Regarding the Middle East and North Africa (MENA) region's performance in attaining the Millennium Development Goals, the report showed that the region had already achieved five of the nine targets, including halving extreme poverty, reducing infant, child and maternal mortality and improving access to sanitation.
The region also stood out for achieving or making sufficient progress on the health and sanitation targets, the report said.
According to the report, the MENA region had been successful in reducing poverty to 2.4 per cent in 2010, from six per cent in 1992.
However, the region was still lagging behind on the MDGs related to undernourishment, primary school completion, gender parity in primary education, and access to safe drinking water. The report ascribed this to slow progress over the last few years.
Meanwhile, the political uprisings in some countries could have hindered efforts towards achieving the Millennium Goals.
Jos Verbeek, lead economist at the World Bank, stated that Egypt would be unable to address poverty, especially in rural areas, because of the events after the 25 January Revolution that had hampered the government's efforts to achieve the assigned targets.
During a seminar organised by the Egyptian Centre for Economic Studies where the report was launched in Egypt last week, Verbeek said that Egypt had only achieved four out of the eight goals that are supposed to be met by 2015.
Egypt still suffered from gender disparities that it needed to improve, and it needed to improve nourishment for mothers and children, he said.
According to the report, Egypt had met targets relating to eradicating poverty, reducing under-five mortality rates, and improving access to water and sanitation. It also had achieved sufficient progress towards achieving primary education, reducing infant mortality and improving maternal health.
As for rural-urban disparities in the MENA region, the report showed that the region had been successful in narrowing the rural-urban disparity in poverty rates to about three per cent in 2008, from seven per cent in 1990.
However, differentials in urban and rural infant mortality rates in the region were as high as 10-16 percentage points.
The report said that slippages in reaching the MDGs related to primary completion and gender parity in primary education also had serious consequences for women's empowerment, where wage differences by gender were as high as 80 per cent in countries like Jordan.
Population trends in the MENA region showed that in 2011 60 per cent of the region's population lived in urban areas. Of the 133 million additional people projected to live in the region between 2011 and 2030, 78 per cent would live in urban areas, it said.
The report called upon governments in the MENA region to aim at attaining the MDGs fully in both urban and rural areas. It called for complementary rural-urban development policies and an integrated strategy of planning, connecting, and financing.
Overall, the report showed that targets such as the reduction of extreme poverty, gender equality in primary education, access to safe drinking water, and improved lives for at least 100 million slum dwellers had been reached.
The proportion of people whose income was less than $1.25 a day had fallen from 43.1 per cent in 1990 to below 20.6 per cent in 2010, leaving 1.2 billion people in extreme poverty.
Nonetheless, progress on the remaining MDGs had been lagging, especially for education and health-related goals.

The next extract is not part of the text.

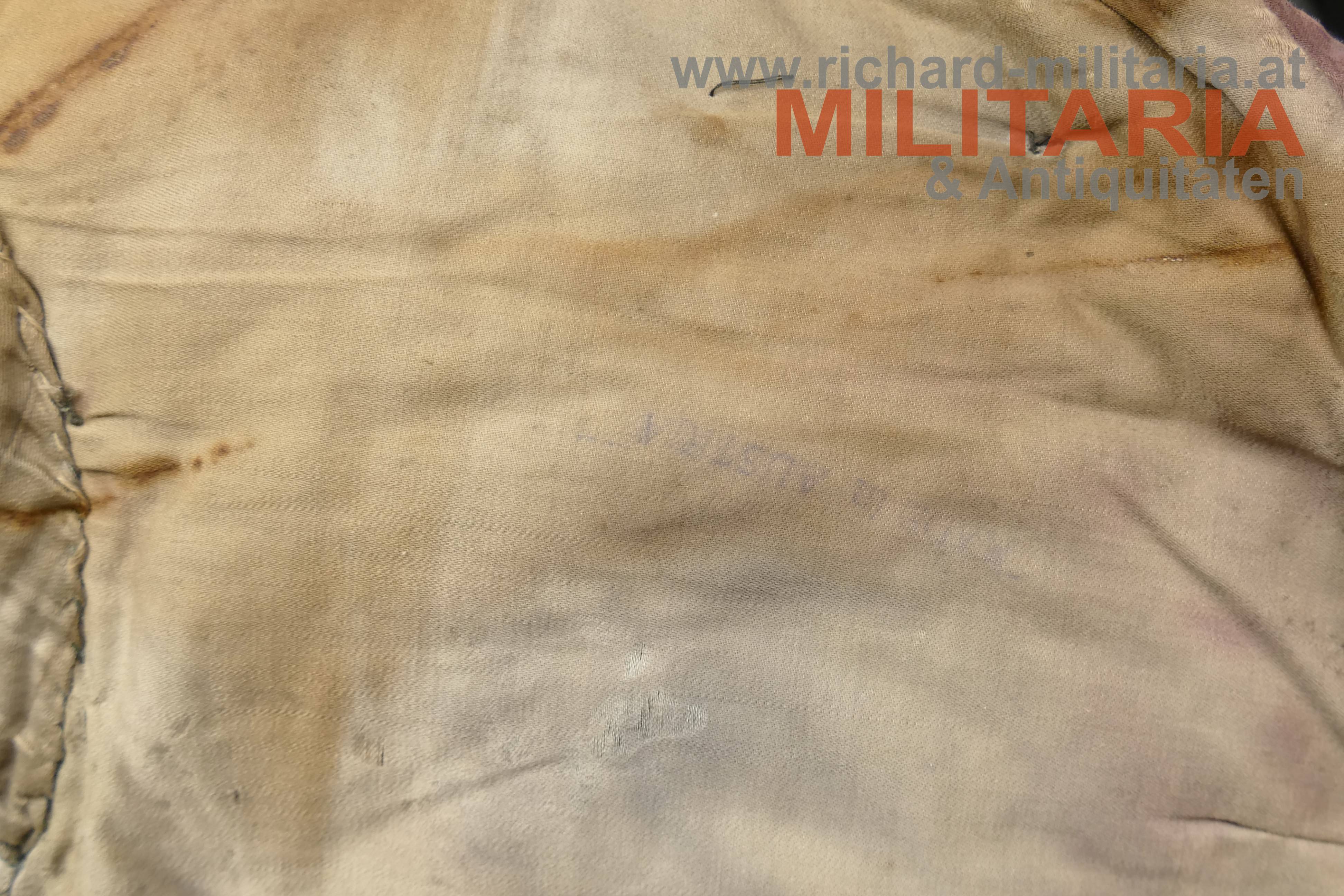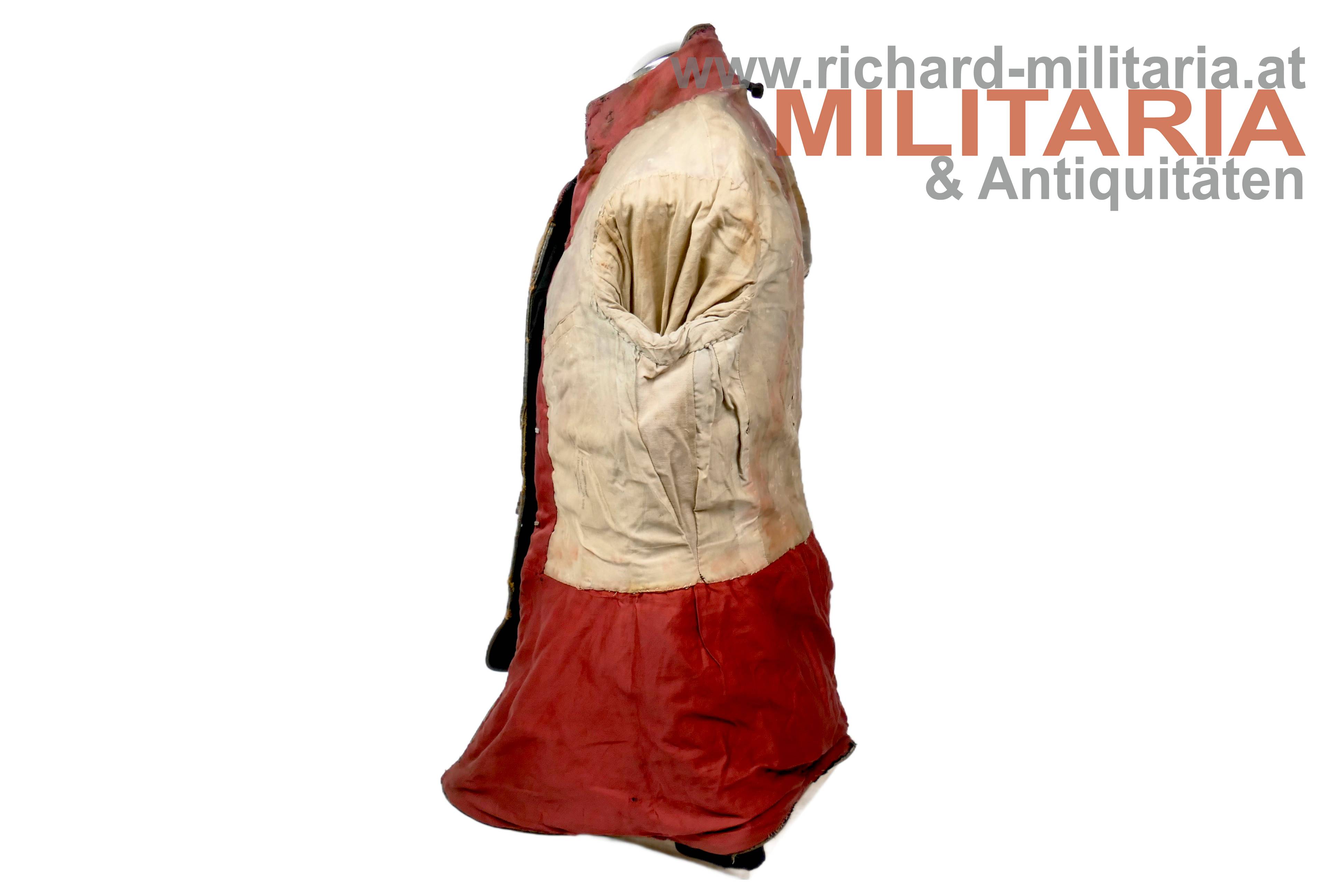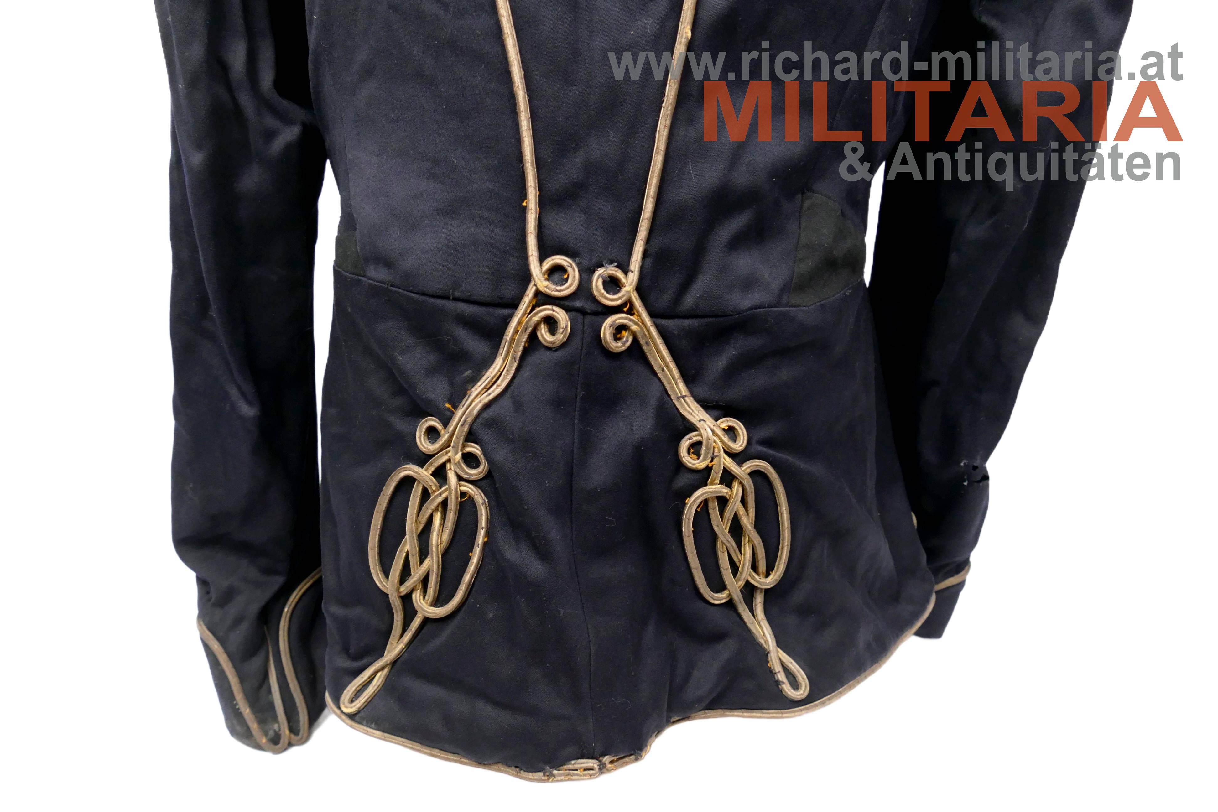 königlich ungarischer Offiziers-Attila M1892 für einen Leutnant der Honvéd-Husaren; dunkelblauer Kammgarn mit goldener, rot (!) geritzter, Verschnürrung für Honvéd-Husaren; am Kragen je ein Offiziers-Distinktionsstern für einen Leutnant; links auf der Schulter eine rot geritzte Achselspange mit Schuber gehalten von einem vergoldeten Husarenknopf; vergoldete Oliven; innen Brustteil mit beigem und Schoßteil mit roten Seidenstoff ausgelegt; darauf einige alte Fundusstempel; Attila innen stark angeschmutzt und fleckig; Verschnürrung gedunkelt und teilweise etwas lose; Außenseite stärker angeschmutzt; einige kleinere Löcher und Beschädigungen;

Global targets for infant, under-five, and maternal mortality, and to a lesser extent access to basic sanitation, were significantly behind what they should be, and progress needed to be accelerated if all of the goals were to be achieved by 2015, the report said.
The Millennium Development Goals consist of eight international development goals that were officially established following the Millennium Summit of the United Nations in 2000. All 193 United Nations member states and at least 23 international organisations have agreed to achieve these goals by the year 2015.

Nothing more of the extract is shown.